Abstract
Wireless body sensor networks based on ultra-wideband radio have recently received much research attention due to its wide applications in health-care, security, sports and entertainment. Accurate localization is a fundamental problem to realize the development of effective location-aware applications above. In this paper the problem of constrained state estimation for individual localization in wireless body sensor networks is addressed. Priori knowledge about geometry among the on-body nodes as additional constraint is incorporated into the traditional filtering system. The analytical expression of state estimation with linear constraint to exploit the additional information is derived. Furthermore, for nonlinear constraint, first-order and second-order linearizations via Taylor series expansion are proposed to transform the nonlinear constraint to the linear case. Examples between the first-order and second-order nonlinear constrained filters based on interacting multiple model extended kalman filter (IMM-EKF) show that the second-order solution for higher order nonlinearity as present in this paper outperforms the first-order solution, and constrained IMM-EKF obtains superior estimation than IMM-EKF without constraint. Another brownian motion individual localization example also illustrates the effectiveness of constrained nonlinear iterative least square (NILS), which gets better filtering performance than NILS without constraint.
Highlights
In recent years, ultra-wide-band (UWB) technologies have drawn great interest in the wireless community [1]
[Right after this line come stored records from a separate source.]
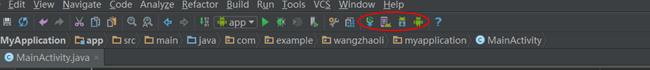 5.在Studio菜单栏的右边有这样几个常用的功能,如图分别是 Gradle同步、AVD Manager、SDK Manager、DDMS: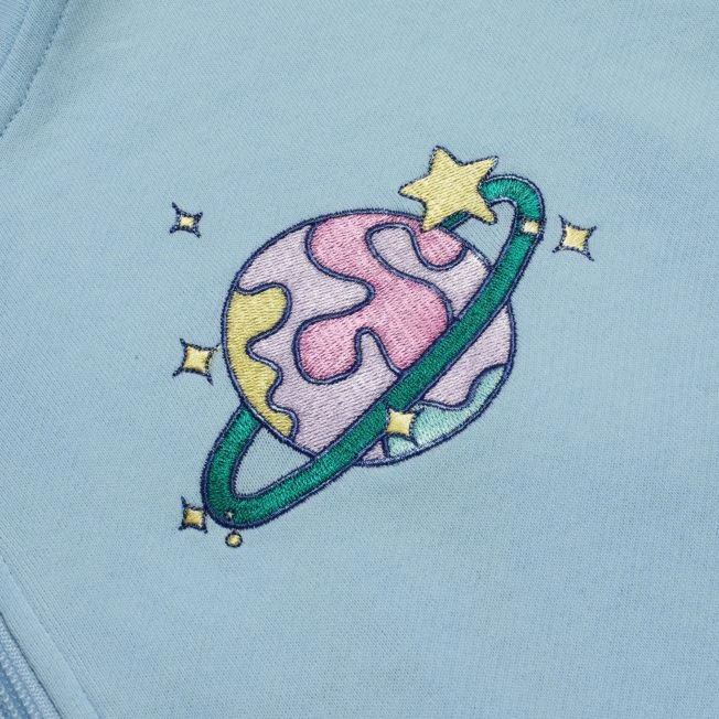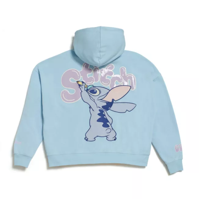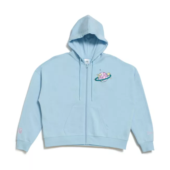 Your look will be out of this world when you don this fashion experiment featuring space alien Stitch. The pastel hooded sweatshirt features a zip-up design and embroidered character artwork.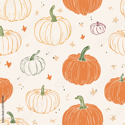 Seamless autumn pattern with orange pumpkins, green leaves, and decorative dots. Cozy seasonal design perfect for fall, Thanksgiving, and harvest themes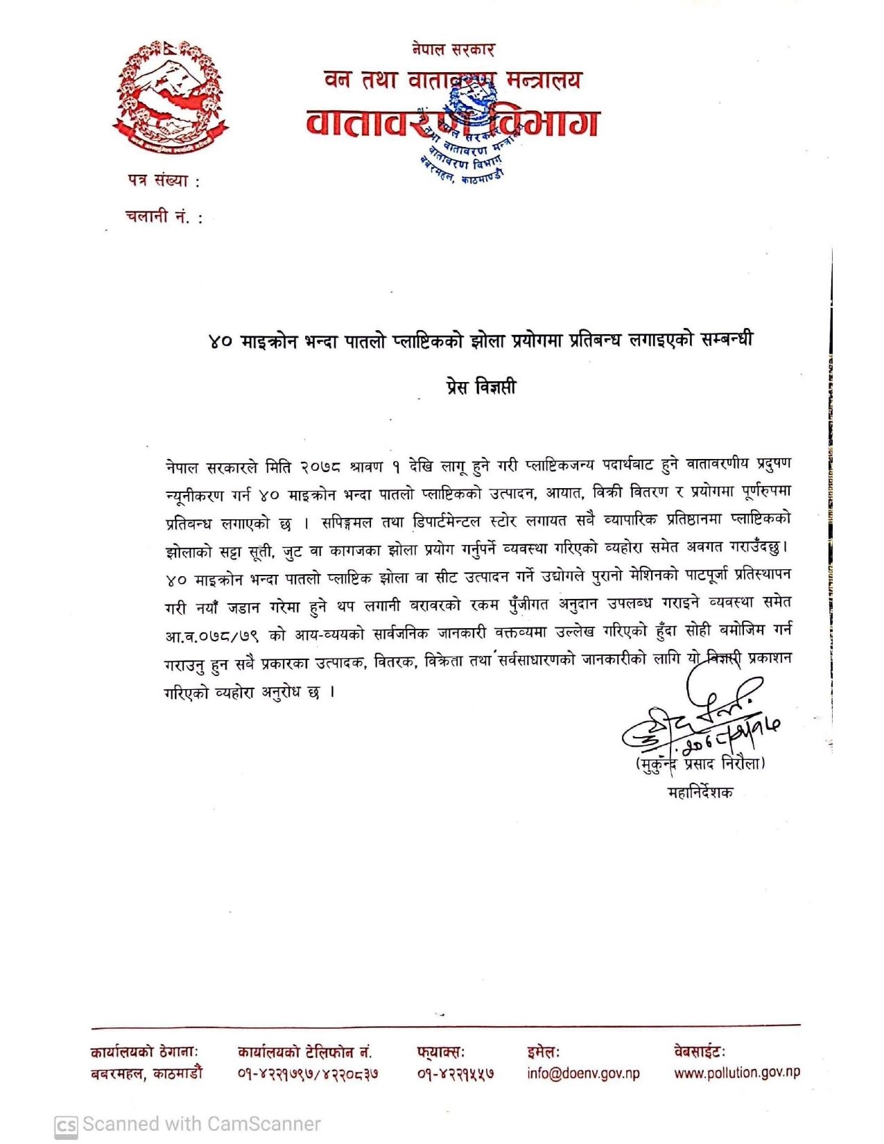 वन तथा वातावरण मन्त्रालय, वातावरण विभागले सूचना निकालेर ४० माइक्रोनभन्दा पातलो प्लास्टिक झोलाको प्रयोग नगर्न आग्रह गरेको छ ।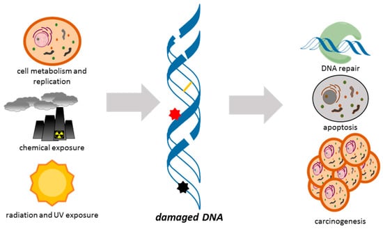 - Chatterjee, N.; Walker, G.C. Mechanisms of DNA damage, repair, and mutagenesis. Environ. Mol. Mutagen. 2017, 58, 235–263. [Google Scholar] [CrossRef] [PubMed]

Our contribution is that we propose the constrained interacting multiple model extended kalman filter (IMM-Extended Kalman Filter (EKF)) algorithm for UWB based individual localization, exploit second-order nonlinear state constraints providing better approximation for higher order nonlinearities and demonstrate the effectiveness of the new method on an individual localization example, compared with the unstrained interactive multiple model (IMM)-EKF
In order to solve non-linear tracking problems with behavior pattern of target changing with time, e.g., the measurement metric is based on IR-UWB TOA, interacting multiple model extended Kalman filter (IMM-EKF) is applied in this paper to perform individual localization
Summary
Ultra-wide-band (UWB) technologies have drawn great interest in the wireless community [1]. The major sources of this impairment are multi-path propagation and potential non-line-of-sight conditions To overcome these problems, we investigate the improvement in the positioning accuracy by taking the a priori knowledge about geometry among the on-body nodes into account. From a practical point of view, the prior knowledge of the on-body nodes’ distance can be obtained by letting the user deploy the nodes within a reasonably given area (e.g., drawn on a specific piece of clothes, typically on the torso) This information can be interpreted as additional reference measurements, which improves the localization accuracy in the view of information fusion. In this paper, considering the priori knowledge about geometry among the on-body nodes, a novel constrained state estimation for individual localization is presented.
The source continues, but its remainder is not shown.